◆ Exercise prompt:
Retype, word for word, every line starting at the line with "可爱招财猫桌面小摆件桃花运好运猫咪玩偶工位汽车装饰品开业礼物" and ending with the final line of the entries; skip the pictures.

Data excerpts
══════════

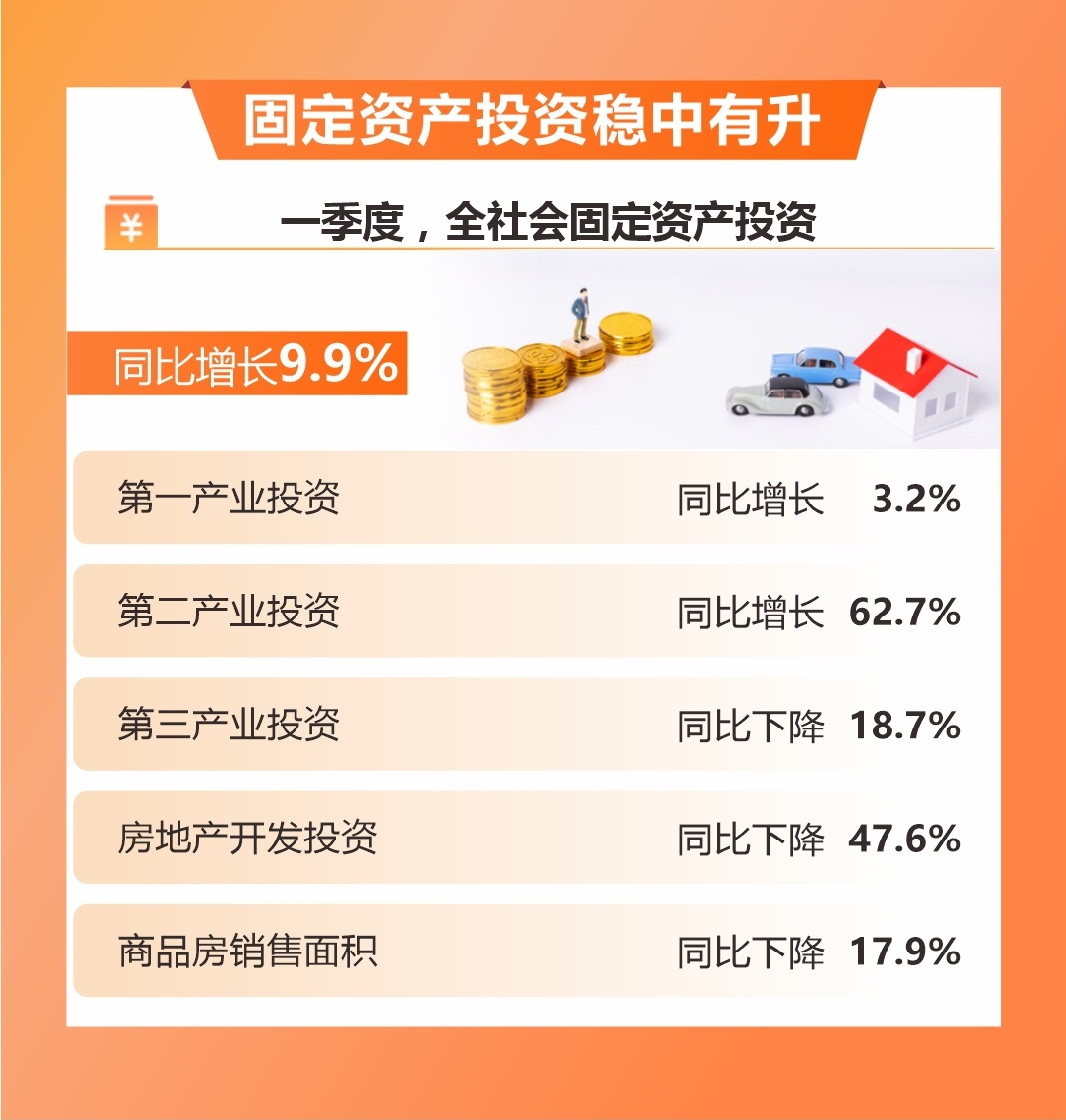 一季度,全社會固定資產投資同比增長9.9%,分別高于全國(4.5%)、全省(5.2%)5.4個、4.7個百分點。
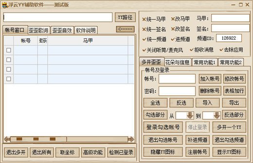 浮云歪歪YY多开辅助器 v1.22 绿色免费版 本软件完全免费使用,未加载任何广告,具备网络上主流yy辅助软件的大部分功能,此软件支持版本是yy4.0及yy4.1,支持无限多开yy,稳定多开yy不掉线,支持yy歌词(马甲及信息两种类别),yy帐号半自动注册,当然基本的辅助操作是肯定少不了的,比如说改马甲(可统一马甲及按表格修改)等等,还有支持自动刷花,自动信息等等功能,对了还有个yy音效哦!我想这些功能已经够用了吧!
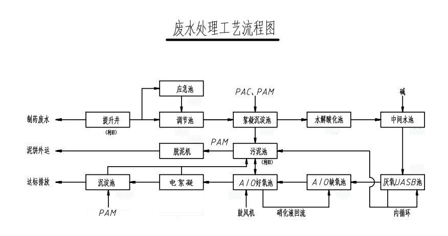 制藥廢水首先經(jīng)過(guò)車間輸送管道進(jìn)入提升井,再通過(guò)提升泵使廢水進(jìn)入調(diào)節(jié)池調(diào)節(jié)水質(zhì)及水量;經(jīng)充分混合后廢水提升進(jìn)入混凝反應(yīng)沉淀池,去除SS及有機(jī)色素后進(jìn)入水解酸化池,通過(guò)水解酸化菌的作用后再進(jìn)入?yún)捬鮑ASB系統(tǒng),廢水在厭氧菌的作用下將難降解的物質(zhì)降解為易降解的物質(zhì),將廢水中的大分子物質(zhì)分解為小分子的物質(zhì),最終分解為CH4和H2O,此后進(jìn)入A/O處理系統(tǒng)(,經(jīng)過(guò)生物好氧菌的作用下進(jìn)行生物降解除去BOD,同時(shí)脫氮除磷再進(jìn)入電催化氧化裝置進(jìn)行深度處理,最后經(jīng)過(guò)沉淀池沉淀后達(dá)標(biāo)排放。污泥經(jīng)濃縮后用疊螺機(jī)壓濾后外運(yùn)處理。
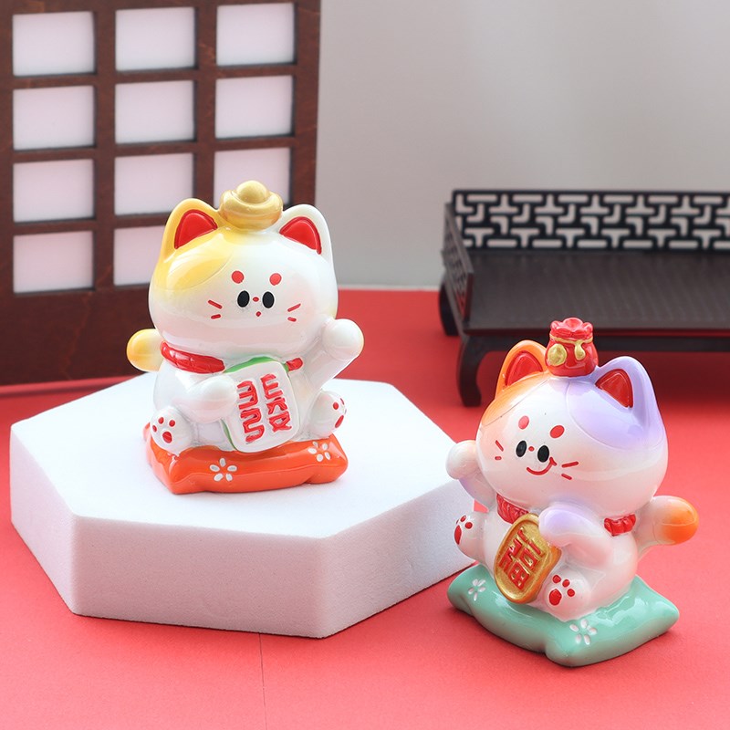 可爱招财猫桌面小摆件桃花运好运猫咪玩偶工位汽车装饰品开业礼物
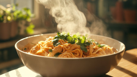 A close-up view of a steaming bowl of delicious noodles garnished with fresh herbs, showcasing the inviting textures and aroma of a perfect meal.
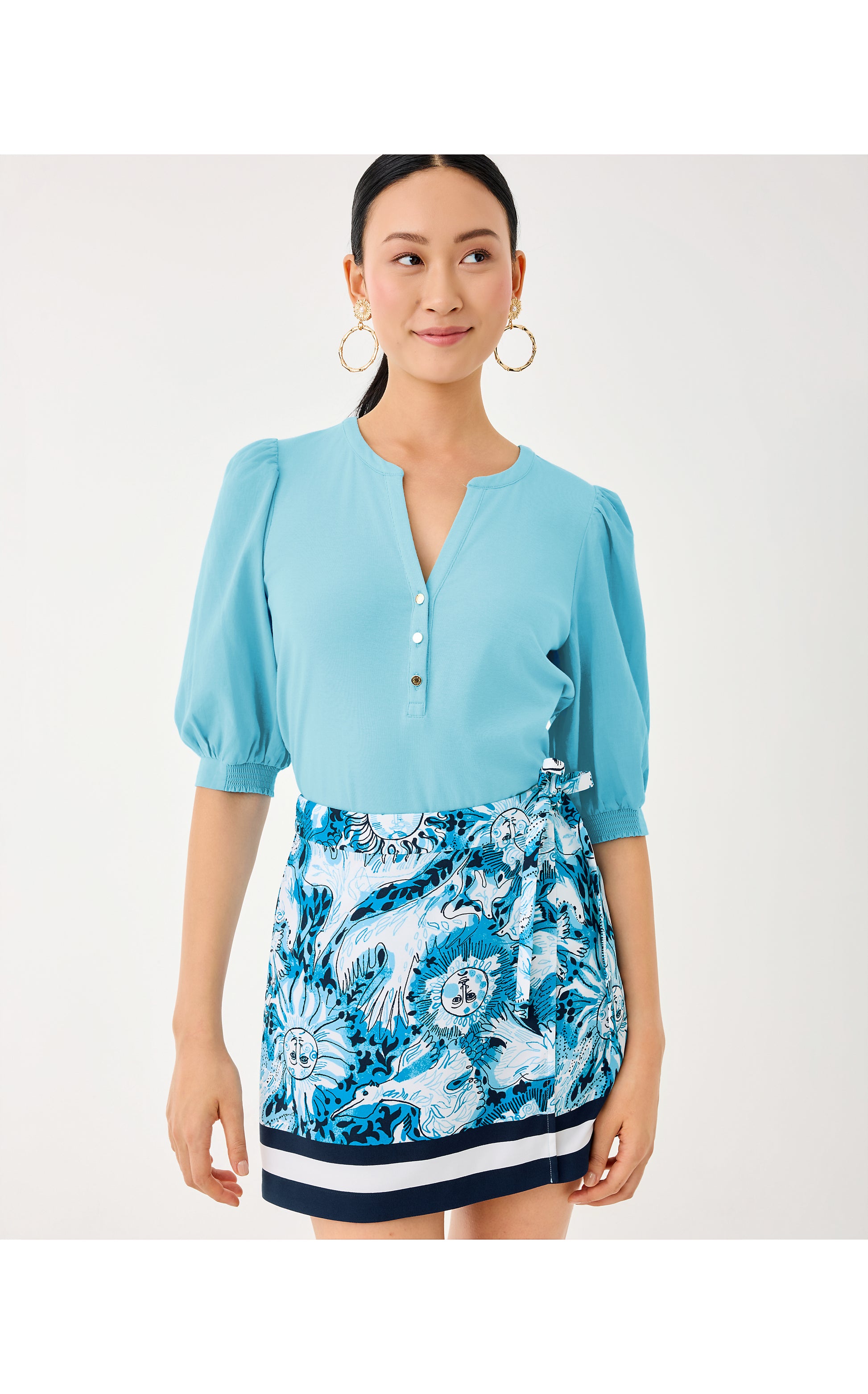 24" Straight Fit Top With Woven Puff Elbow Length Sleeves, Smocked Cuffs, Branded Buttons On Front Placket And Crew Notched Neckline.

══════════

◆ Output for this task:
 可爱招财猫桌面小摆件桃花运好运猫咪玩偶工位汽车装饰品开业礼物
 A close-up view of a steaming bowl of delicious noodles garnished with fresh herbs, showcasing the inviting textures and aroma of a perfect meal.
 24" Straight Fit Top With Woven Puff Elbow Length Sleeves, Smocked Cuffs, Branded Buttons On Front Placket And Crew Notched Neckline.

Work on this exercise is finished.